Question

Can I get a breakdown line by line of the time complexity, I know it is O(NlogN) but I am trying to better understand time complexity as a whole.

Input :- N , Array[N]

                               function findSmallestPair()

                               sort the Array

                               int minimumDiff := INFINITY , A := -1 , B := -1;  

                               for(int i : 1 to N-1)

                               begin for

               currentDiff = Array[i]-Array[i-1]

               if(currentDiff < minimumDiff)

               begin if

                              A := Array[i-1];

                              B := Array[i];

                              minimumDiff = currentDiff;

                   end if

              end for

           return {A,B}; end function                      

Answer 1

Time Complexity:

function findSmallestPair()

                               sort the Array //Using standard sort method generally it takes O(nlogn) time(eg:Merge Sort)

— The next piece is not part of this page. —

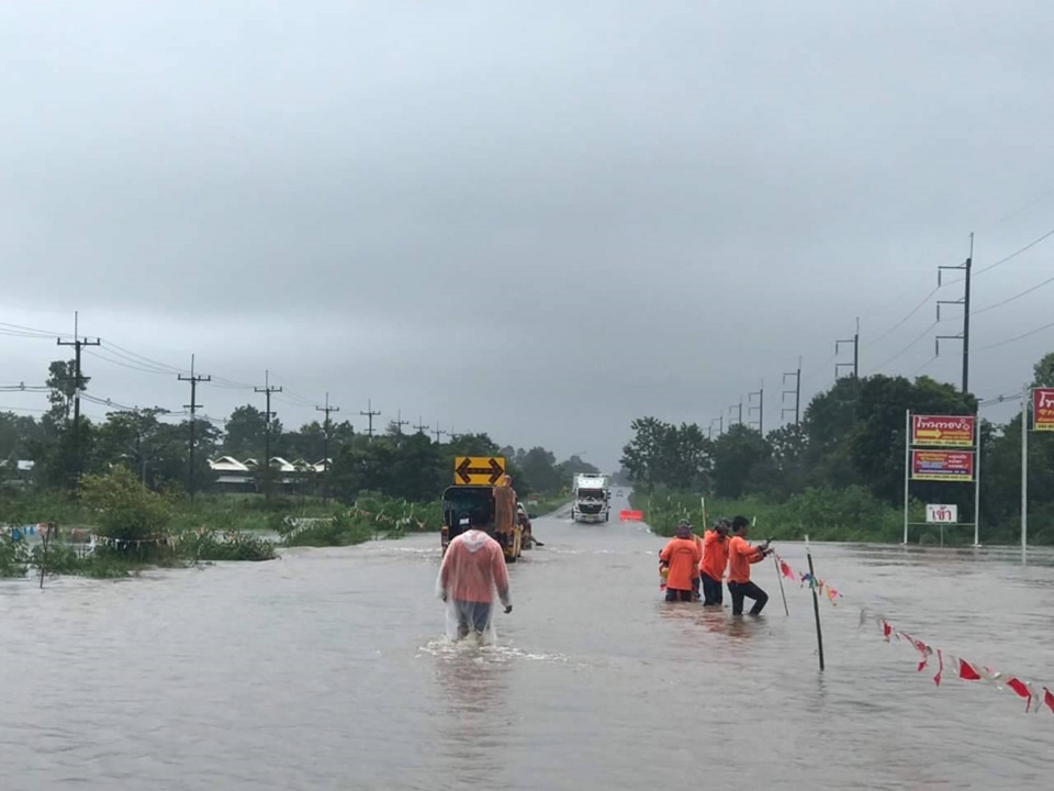 จังหวัดขอนแก่น 5 แห่ง ได้แก่ ทางหลวงหมายเลข 2 พล – บ้านไผ่ อ.พล ช่วงกม.ที่ 281 -283 ระดับน้ำสูง 60 ซม. การจราจรไม่สามารถผ่านได้ในช่องทางซ้าย เบี่ยงการจราจรให้วิ่งสวนกันในช่องทางขวา ทางหลวงหมายเลข 2 พล – บ้านไผ่ อ.พล ช่วงกม.ที่ 293 -294 ระดับน้ำสูง 100 ซม. การจราจรไม่สามารถผ่านได้ ทางหลวงหมายเลข 23 บ้านไผ่ – ไพศาล ช่วงกม.ที่ 1 – 4 ระดับน้ำสูง 70 ซม. การจราจรไม่สามารถผ่านได้ ทางหลวงหมายเลข 229 บ้านไผ่ – มัญจาคีรี อ.บ้านไผ่ ช่วงกม.ที่ 0 – 1 ระดับน้ำสูง 45 ซม. ทางหลวงหมายเลข 2297 บ้านลาน – เปือยน้อย อ.เปือยน้อย ช่วงกม.ที่ 1 น้ำกัดเซาะทางขาด การจราจรไม่สามารถผ่านได้

                               int minimumDiff := INFINITY , A := -1 , B := -1; //Constant Operation O(1) time

                               for(int i : 1 to N-1) //Loop iterate from1 to n-1 ,So Time complexity O(n)

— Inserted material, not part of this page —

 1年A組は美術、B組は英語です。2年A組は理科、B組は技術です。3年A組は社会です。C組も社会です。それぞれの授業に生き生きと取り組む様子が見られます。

                               begin for

               currentDiff = Array[i]-Array[i-1] // Constant Operation O(1) time

               if(currentDiff < minimumDiff) //If also take constant operation time O(1)

               begin if

                              A := Array[i-1]; //O(1)

                              B := Array[i]; //O(1)

                              minimumDiff = currentDiff; //O(1)

                   end if

              end for

           return {A,B}; end function                     

So we can easily find that the maximum time complexity is O(nogn) .

If the sort line is removed from your code then the time complexity is O(n).